Trying to get hold of black but without the resin attachment (ie the original) but there's a language barrier in asking sellers the question.


----------



## Dan GSR (Jun 28, 2011)

Resin


----------



## Everdying (May 4, 2012)

ET8341 said:


> I think you may be right.
> 
> How would someone in the UK go about buying the above directly?


in the UK...not sure.
but getting it shipped via EMS from here to UK would probably cost about £15...so u are looking at a total of close to £60.


----------



## dgaddis (Apr 1, 2019)

FWIW anyone looking for these (or similar) on AliExpress, searching 'g shock strap' is the best way. Then scroll, scroll, scroll, etc. Their search function really sucks.

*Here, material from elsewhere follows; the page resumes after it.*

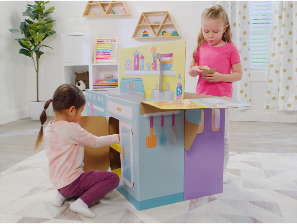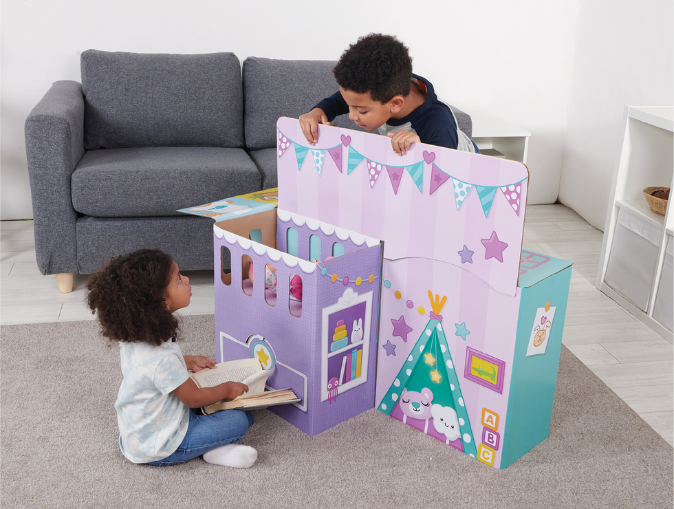 Made for kids with parents in mind! These storable, adorable, pop-up playsets can be assembled in under 5 minutes and fold flat for easy storage! Pop2Play is made from durable eco-friendly StrongFold™ cardboard that can hold up to 50 lbs.

Here's one listing :: https://www.aliexpress.com/item/316...etal-strap-case-GW-5000-5035/33008215808.html In some photos you can see where they blurred out the text engraved on the bezel face.

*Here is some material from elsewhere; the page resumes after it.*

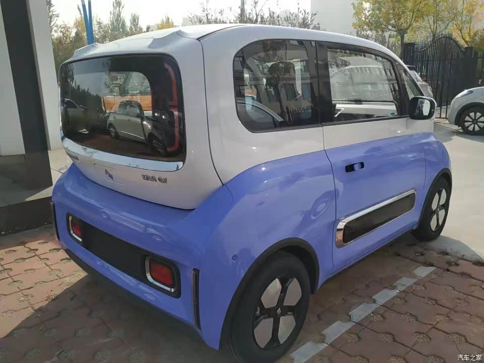外观设计很独特,双拼色,车身线条流畅,整体也不说有多好看,就是让你感觉很特别,回头率100%;隐藏式的门把手,前后车灯虽不显眼,但看起来好萌哒!

I'm not positive how the bands attach....they look like they attach without the resin piece, but then there's the picture labeled 'upgrade design (original interface)' - I'm not sure if that pic is the upgraded version, or the original version. I *think* that pic is the new "improved" version, as this seller has it spelled out better :: https://www.aliexpress.com/item/sta...00-5035-GW-M5610-watch-strap/32967037004.html

There are other sellers selling the same (or similar) products, you can see them on the left side of the page if you're on a computer. The clasps are different, the one I linked to above has a milled clasp, some of the others are stamped.


----------



## ET8341 (Mar 6, 2019)

dgaddis said:


> FWIW anyone looking for these (or similar) on AliExpress, searching 'g shock strap' is the best way. Then scroll, scroll, scroll, etc. Their search function really sucks.
> 
> Here's one listing :: https://www.aliexpress.com/item/316...etal-strap-case-GW-5000-5035/33008215808.html In some photos you can see where they blurred out the text engraved on the bezel face.
> 
> ...


.


----------



## ET8341 (Mar 6, 2019)

dgaddis said:


> FWIW anyone looking for these (or similar) on AliExpress, searching 'g shock strap' is the best way. Then scroll, scroll, scroll, etc. Their search function really sucks.
> 
> Here's one listing :: https://www.aliexpress.com/item/316...etal-strap-case-GW-5000-5035/33008215808.html In some photos you can see where they blurred out the text engraved on the bezel face.
> 
> ...


Thank you for this; I wasn't having much luck.


----------



## FlyGuyMyEye (Nov 10, 2018)

FWIW The MGF seller stated when I asked them that their bands are all metal, i.e. without the resin attachment. The resin attachment apparently being an upgrade according to other sellers.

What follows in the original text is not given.